• [Data to process]:
◇ ◇ ◇ ◇

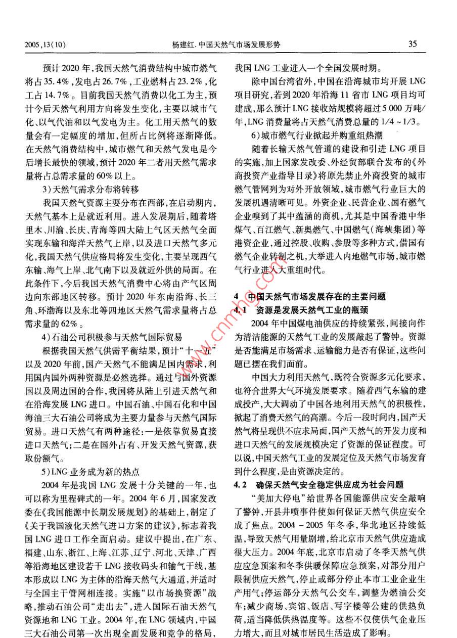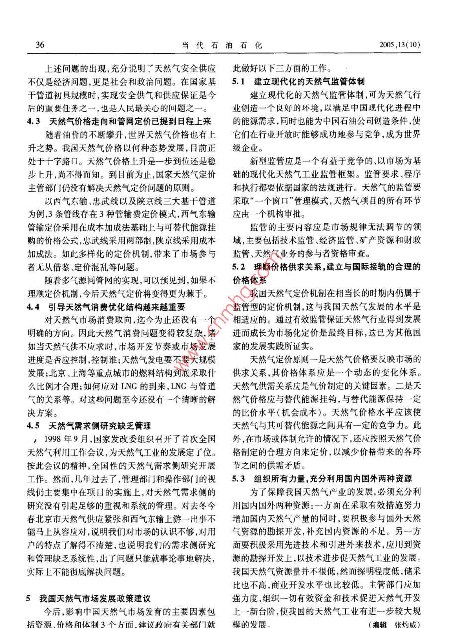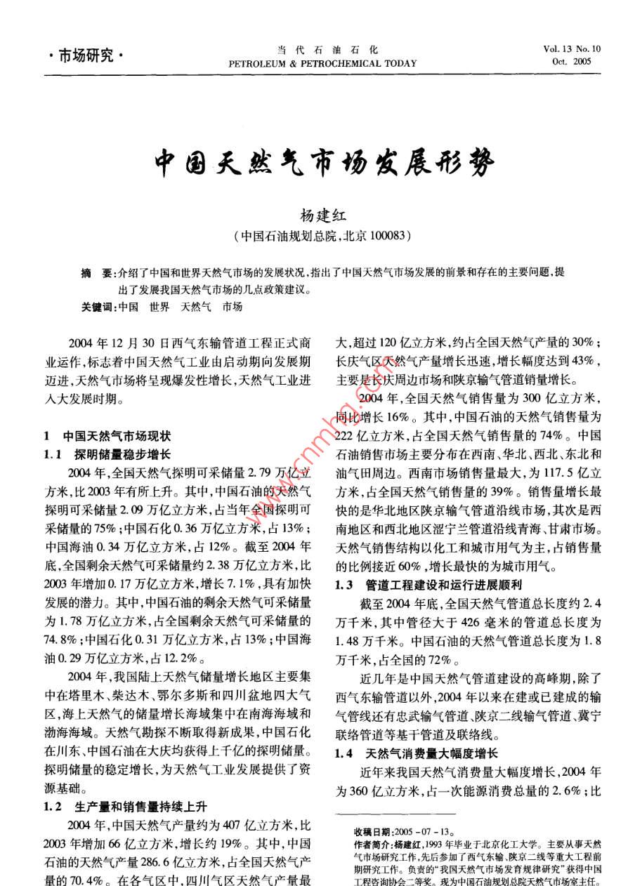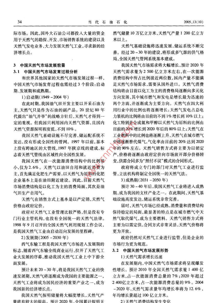 ·市場研究當(dāng)代石油石化Vol. 13 No. 10PETROLEUM PEtROCHEMICAL TODAYoct.2005中國天然氣市場發(fā)展形勢楊建紅(中國石油規(guī)劃總院,北京100083)摘要:介紹了中國和世界天然氣市場的發(fā)展?fàn)顩r指出了中國天然氣市場發(fā)展的前景和存在的主要問題提出了發(fā)展我國天然氣市場的幾點(diǎn)政策建議。關(guān)鍵詞:中國世界天然氣市場2004年12月30日西氣東輸管道工程正式商大超過120億立方米,約占全國天然氣產(chǎn)量的30%;業(yè)運(yùn)作,標(biāo)志著中國天然氣工業(yè)由啟動期向發(fā)展期長慶氣區(qū)天然氣產(chǎn)量增長迅速,增長幅度達(dá)到43%,邁進(jìn),天然氣市場將呈現(xiàn)爆發(fā)性增長,天然氣工業(yè)進(jìn)主要是長慶周邊市場和陜京輸氣管道銷量增長。入大發(fā)展時(shí)期。2004年,全國天然氣銷售量為300億立方米同比增長16%。其中,中國石油的天然氣銷售量為1中國天然氣市場現(xiàn)狀222億立方米,占全國天然氣銷售量的74%。中國1.1探明儲量穩(wěn)步增長石油銷售市場主要分布在西南、華北、西北、東北和004年,全國天然氣探明可采儲量2.79萬億立油氣田周邊。西南市場銷售量最大,為117.5億立方米,比2003年有所上升。其中,中國石油的天然氣方米,占全國天然氣銷售量的39%。銷售量增長最探明可采儲量209萬億立方米,占當(dāng)年全國探明可快的是華北地區(qū)陜京輸氣管道沿線市場,其次是西采儲量的75%;中國石化0.36萬億立方米,占13%;南地區(qū)和西北地區(qū)澀寧蘭管道沿線青海、甘肅市場。中國海油034萬億立方米,占12%。截至2004年天然氣銷售結(jié)構(gòu)以化工和城市用氣為主,占銷售量底全國剩余天然氣可采儲量約2.38萬億立方米,比的比例接近60%,增長最快的為城市用氣。2003年增加0.17萬億立方米,增長71%,具有加快1.3管道工程建設(shè)和運(yùn)行進(jìn)展順利發(fā)展的潛力。其中,中國石油的剩余天然氣可采儲量截至2004年底,全國天然氣管道總長度約24為1.78萬億立方米,占全國剩余天然氣可采儲量的萬千米,其中管徑大于426毫米的管道總長度為74.8%;中國石化0.31萬億立方米,占13%;中國海1.48萬千米。中國石油的天然氣管道總長度為18油0.209萬億立方米,占12.2%萬千米,占全國的72%2004年,我國陸上天然氣儲量增長地區(qū)主要集近幾年是中國天然氣管道建設(shè)的高峰期,除了中在塔里木柴達(dá)木鄂爾多斯和四川盆地四大氣西氣東輸管道以外,2004年以來在建或已建成的輸區(qū)海上天然氣的儲量增長海域集中在南海海域和氣管線還有忠武輸氣管道陜京二線輸氣管道、冀寧渤海海域。天然氣勘探不斷取得新成果,中國石化聯(lián)絡(luò)管道等基干管道及聯(lián)絡(luò)線。在川東、中國石油在大慶均獲得上千億的探明儲量。1.4天然氣消費(fèi)量大幅度增長探明儲量的穩(wěn)定增長,為天然氣工業(yè)發(fā)展提供了資近年來我國天然氣消費(fèi)量大幅度增長,2004年源基礎(chǔ)。為360億立方米,占一次能源消費(fèi)總量的2.6%;比1.2生產(chǎn)量和銷售量持續(xù)上升2004年,中國天然氣產(chǎn)量約為407億立方米,比收稿日期:2005-07-13。2003年增加66億立方米,增長約19%。其中,中國作者簡介:楊建紅,1993年畢業(yè)于北京化工大學(xué)。主要從事天然石油的天然氣產(chǎn)量286.6億立方米,占全國天然氣產(chǎn)氣市場研究工作,先后參加了西氣東輸陜京二線等重大工程前期研究工作。負(fù)責(zé)的“我國天然氣市場發(fā)育規(guī)律研究”獲得中國量的70.4%。在各氣區(qū)中氣區(qū)天然氣產(chǎn)量最2005,13(10)楊建紅中國天然氣市場發(fā)展形勢1996年的185億立方米將近翻了一番,年均增長率發(fā)電技術(shù)的發(fā)展上,與其他能源相比也有較大的優(yōu)達(dá)到8.6%。2000年后增速加快,2000-2004年年勢。因此,許多國家天然氣用于發(fā)電的比例較大,各均增長率接近于10%。國情況略有差異。天然氣消費(fèi)以化工為主,集中在距氣田較近的地4)天然氣市場貿(mào)易國際化,尤其是LNG貿(mào)易國區(qū)。2004年我國天然氣消費(fèi)結(jié)構(gòu)為:化工占3%、城際化是近年來發(fā)展的趨勢之市燃?xì)庹?9%、工業(yè)燃料占26%、發(fā)電占12%。在滿足產(chǎn)地附近消費(fèi)的情況下,將天然氣從生產(chǎn)基地銷售到較遠(yuǎn)的地區(qū)已成為發(fā)展趨勢。2004世界天然氣工業(yè)發(fā)展趨勢年,世界天然氣貿(mào)易總量6799億立方米,比2003世界天然氣工業(yè)起步于20世紀(jì)初,對改善環(huán)年增加了562億立方米,增長7.3%。1970年,天然境、促進(jìn)經(jīng)濟(jì)發(fā)展產(chǎn)生了積極的作用,具有良好的社氣僅有449億立方米進(jìn)入國際市場,占當(dāng)年產(chǎn)量的會效益和經(jīng)濟(jì)效益。目前世界約有90多個(gè)國家發(fā)4.4%;到2004年,有6799億立方米天然氣進(jìn)入國現(xiàn)了石油和天然氣,經(jīng)過幾十年的發(fā)展,已形成美際市場,約占當(dāng)年產(chǎn)量的25%。顯然,通過國際貿(mào)洲、歐洲和亞洲三大天然氣市場。截至2004年底,易利用天然氣將在世界范圍內(nèi)進(jìn)一步擴(kuò)大。世界天然氣累計(jì)探明儲量179萬億立方米,其中俄2004年LNG貿(mào)易量1799億立方米,占世界天羅斯占268%。2004年,世界天然氣產(chǎn)量為26916然氣貿(mào)易總量的26.4%,比2003年增加111億方億立方米,其中俄羅斯為5891億立方米。米,增長6.5%。可見,LNG貿(mào)
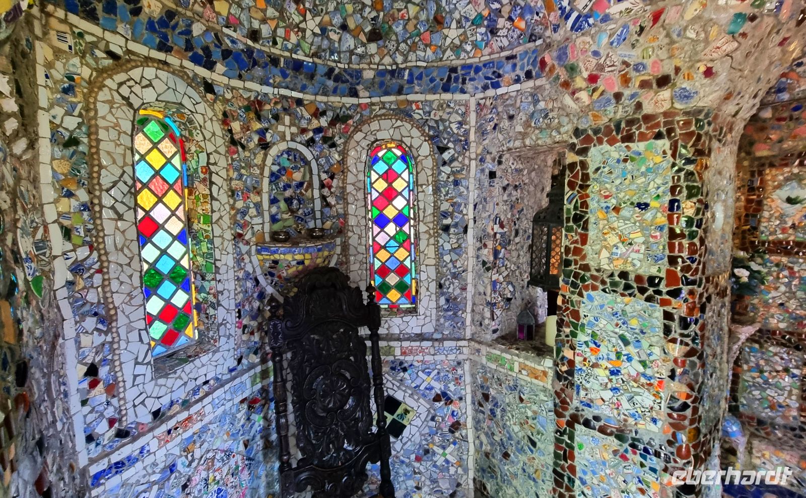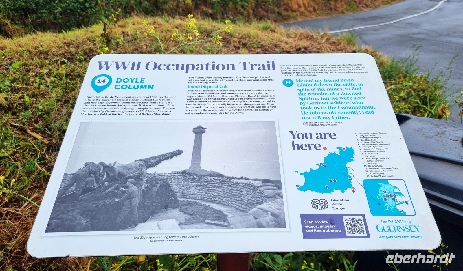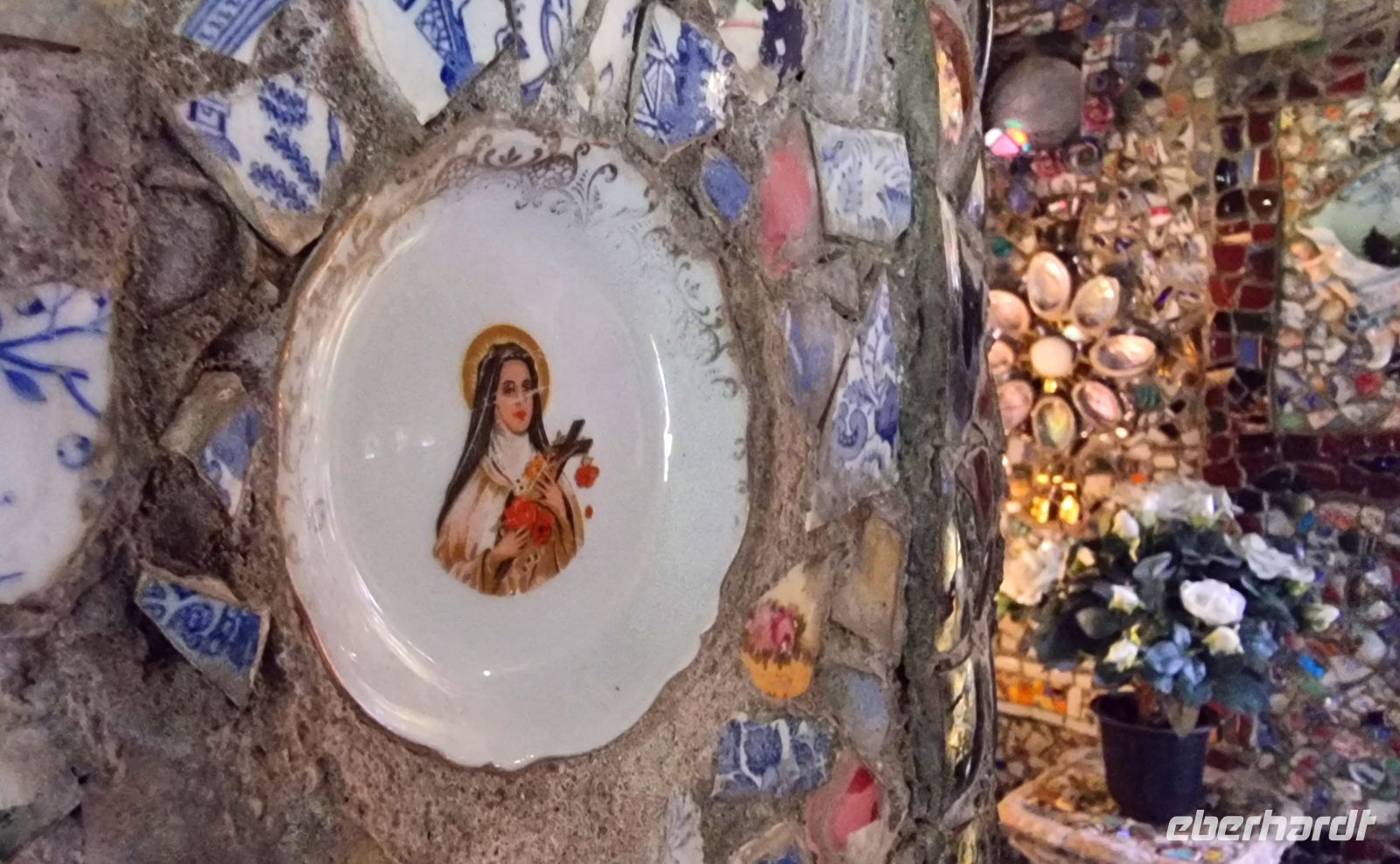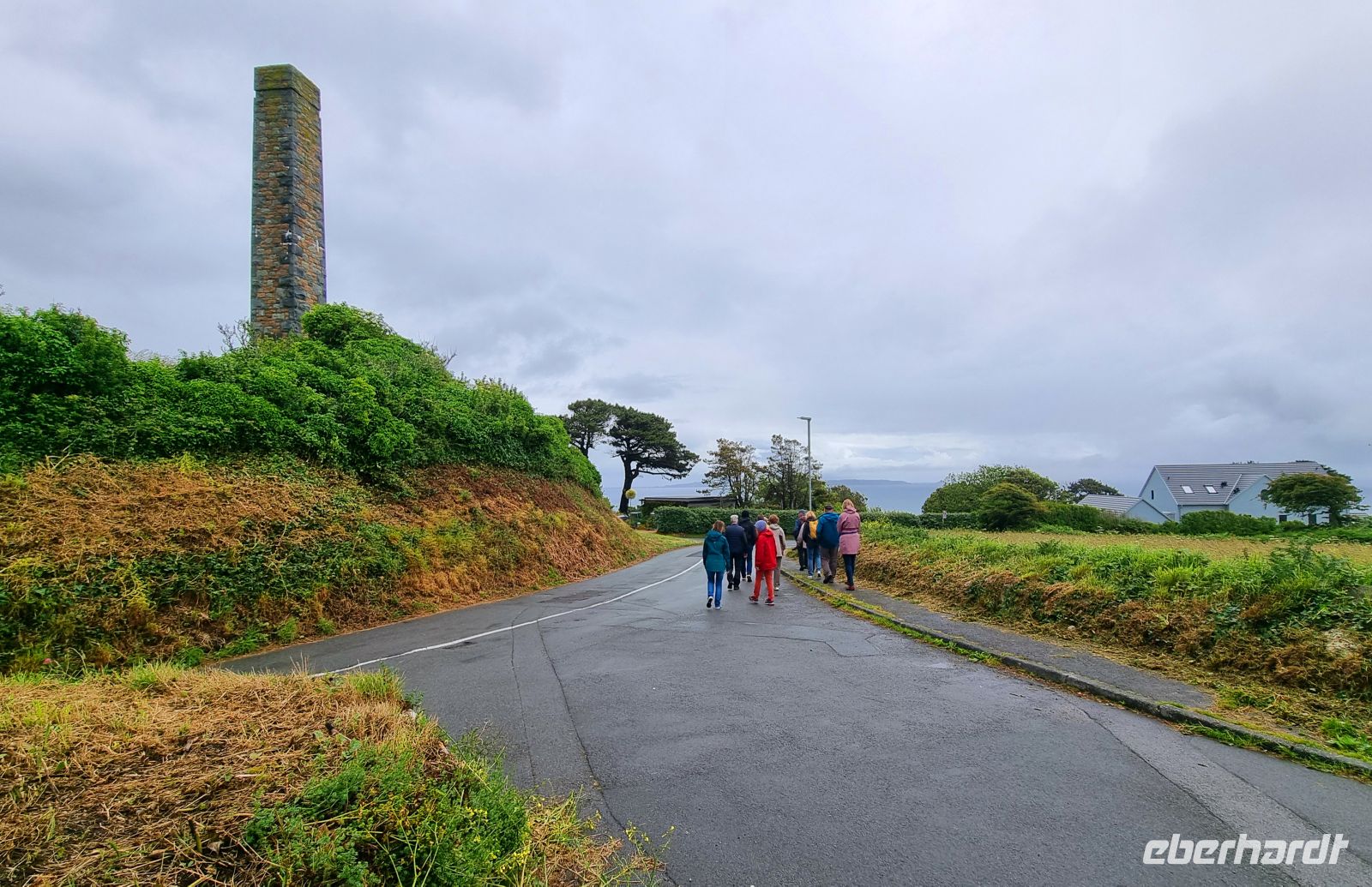 Bei unserer Inselrundfahrt im Bus fuhren wir von der Hauptstadt St. Peter Port in die Gemeinde St. Martin zur Halbinsel Jerbourg. Hier führte uns ein kurzer Spazierweg zu den Klippen an der Südspitze mit einem schönen Blick auf das Meer. Hier soll auch der französische Maler Pierre-Auguste Renoir schon gesessen und seine Bilder von Guernsey gemalt haben. Gaby erzählt uns etwas zur Doyle Column, die zu Ehren von General Sir John Doyle, einem Gouverneur von Guernsey, auf dem höchsten Punkt von Jerbourg Point errichtet wurde. Ein kurzer Spaziergang führte uns zum Jerbourg Hotel und zu einem Aussichtspunkt an der Südspitze, von dem man bis zu den den Nachbarinseln Sark und Herm schauen konnte. Weiter ging die Fahrt im Bus zur Little Chapel in der Gemeinde St. Andrew. Sie gilt als eine der kleinsten geweihten Kirchen der Welt und wurde mit Muscheln, Kieseln und Porzellanscherben an allen Wänden und Decken verziert.
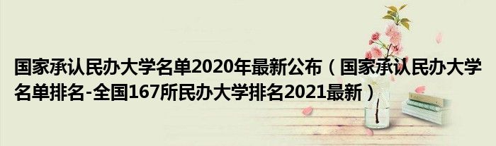 大家好,綜合小編來為大家解答以上問題。國家承認民辦大學名單2020年最新公布,國家承認民辦大學名單排名-全國167所民辦大學排名2021最新很多人還不知道,現在讓我們一起來看看吧!
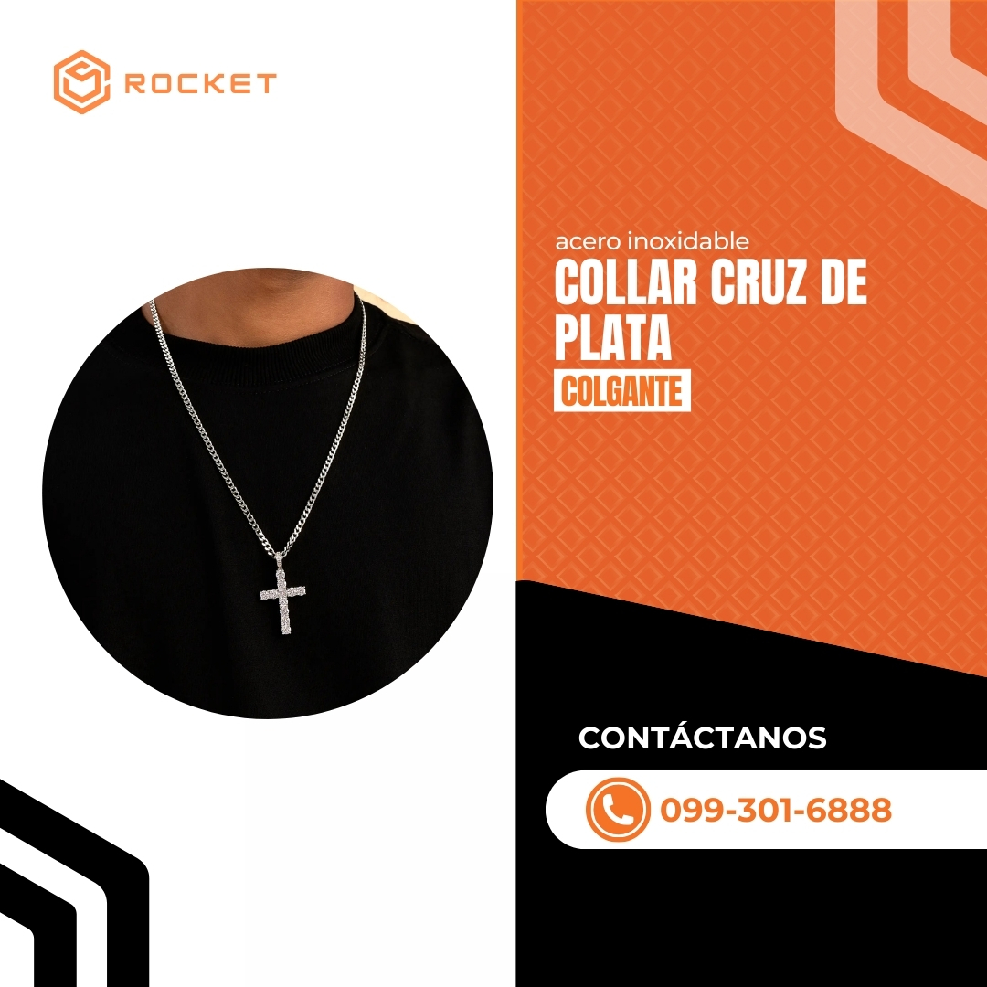 Elegante cadena de plata con dije de cruz adornado con brillo tipo diamante. Un accesorio moderno y versátil, ideal para resaltar cualquier estilo con un toque de distinción y luz, perfecto para uso diario o eventos especiales.
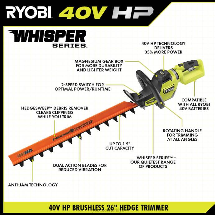 40v hp 26” çit budama kitiyle 40v sisteminizi geliştirin. 40v hp teknolojisi, gaz veya kablo sıkıntısı olmadan 23cc’lik gazlı çit düzelticiden daha fazla güç sağlar. Birlikte verilen 40v 2ah pili kullanarak 29 dakikaya kadar çalışma süresi elde edeceksiniz. 40v teknolojisi, fırçasız motor gelişmiş elektroniği ve yüksek performanslı lityum teknolojisini 26 inç bıçaklarla ve etkileyici 1 inç kesme kapasitesiyle birleştirerek kalın çitlerin kolaylıkla üstesinden gelir. Sıkışma önleme teknolojisi, çift etkili bıçaklar bıçakların dallara sıkışmasını önler Daha az titreşim ve daha az yorgunluk ile çitlerin üzerinden geçin. Bu fısıltı serisi düzeltici, gazlıdan %72 daha sessiz ve hatta diğer akülü çit düzelticilerden bile daha sessiz olacak şekilde tasarlanmıştır. Magnezyum dişli kutusu dayanıklılığı artırır.dayanıklılık sağlar ve çit düzelticiyi daha hafif hale getirir. Dönen sap, çitleri ve çalıları her açıdan rahatça kesmenize olanak tanırken, çit süpürücüsü, siz budama yaparken kırpıntıları temizlemeyi kolaylaştırır. 2 vitesli anahtar, gücü en üst düzeye çıkarmak veya çalışma süresini optimize etmek için iki kesme hızı arasında seçim yapmanızı sağlar. hepsinden iyisi, herhangi bir 40v pilin herhangi bir 40v ürünle çalıştığı ryobi 40v sisteminin bir parçasıdır. Bu 40v hp çit düzeltici, ryobi 5 yıllık üretici garantisiyle desteklenir ve birlikte verilen pil, ryobi 3 yıllık pil garantisiyle desteklenir. bu kit, ry40606 40v çit düzelticiyi, op40204 40v 2ah lityum pili, op406 40v hızlı şarj cihazını, çit süpürme kalıntı çıkarıcısını, kınını ve kullanım kılavuzlarını içerir.

◇ ◇ ◇ ◇

• [Task goal]: Repeat the lines above exactly, beginning with the one containing "大家好,綜合小編來為大家解答" and finishing with the one containing "Elegante cadena de". No pictures belong in the copy.

• [Expected answer]:
 大家好,綜合小編來為大家解答以上問題。國家承認民辦大學名單2020年最新公布,國家承認民辦大學名單排名-全國167所民辦大學排名2021最新很多人還不知道,現在讓我們一起來看看吧!
 Elegante cadena de plata con dije de cruz adornado con brillo tipo diamante. Un accesorio moderno y versátil, ideal para resaltar cualquier estilo con un toque de distinción y luz, perfecto para uso diario o eventos especiales.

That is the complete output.